I was just thinking about one of my conservative uncles and his habit of ranting at the dinner table, and I was getting frustrated just thinking about it. I haven’t seen him in years, although my mother has, and has stories to tell. Last night while waiting for pkg-ruby-extras to svn up on the laptop I was watching the 1/4/2010 episode of the Daily Show. The core news piece was the December terrorist attempt, and lots of clippings of republican legislatures, Fox newscasters and the such complain mostly about President Obama not calling this a “War on Terror” and whatnot, followed by clippings of the same people vehemently defend President Bush years ago when there were any implications that he wasn’t doing enough.

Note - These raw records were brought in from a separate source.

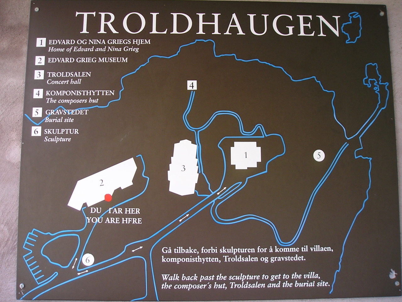 ベルゲン市内を走っているバスの20、23、24、100番で(あるガイドブックには19、20、21番とありますが)15分ほどでトロルハウゲンのバス停に着きます。ベルゲンカード利用OKです。乗るときにドライバーさんに、グリーグの家に行くことを伝えておいたので、バス停につく少し前、ここから入っていく道だという所を教えてくれました。帰りのバス停もすぐ近くにあります。
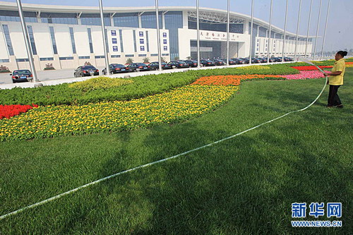 ??? 9月13日,天津夏季達(dá)沃斯論壇主會(huì)場(chǎng)梅江會(huì)展中心外的草坪花壇綠意盎然。世界經(jīng)濟(jì)論壇2010年新領(lǐng)軍者年會(huì)(簡(jiǎn)稱(chēng)“夏季達(dá)沃斯論壇”)于9月13日至15日在天津召開(kāi)。來(lái)自近90個(gè)國(guó)家和地區(qū)的1500多名與會(huì)者將共同探討“推動(dòng)可持續(xù)增長(zhǎng)”這一主題。新華社記者 李明放 攝
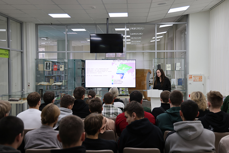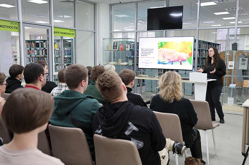 В библиотеке состоялась популярная лекция, организованная совместно с Национальным парком «Мещера». Перед студентами Рязанского политехнического колледжа и читателями библиотеки выступила начальник отдела науки Национального парка Алина Косякова с темой «Место под солнцем: как животные используют окружающее пространство».

Stewart goes on to ask what more they expect of Obama, and lists off many actions that should have satisfied them; additional troops sent to Afghanistan, delaying the closing of the detention center in Guantanamo, and such.
After all week of trying to get up before ten, but not really being able to sleep until five, I’m finally up at a reasonable hour. So I sit at the kitchen table with oatmeal and coffee, pondering the world. I got thinking about making arguments against these kinds of people, and what sort of research one would have to perform. It’s typically much more than they do, since you want concrete evidence and they’re satisfied with the implication of concrete evidence possibly existing. I was thinking about how I feel like national politics are so far removed from our daily lives and difficult to reach out to. I think that is why (corruption?) lobbying is more significant on a national level, it’s much harder to reach and be heard.
And then I realized the analogy that ranting about the President is really the equivalent of celebrity gossip.
I think that’s why I have little interest in discussion national politics. Maybe it is more that most that do are frustratingly inept at researching what they’re saying and instead are mostly spewing “news”. Maybe that is really the common thread too.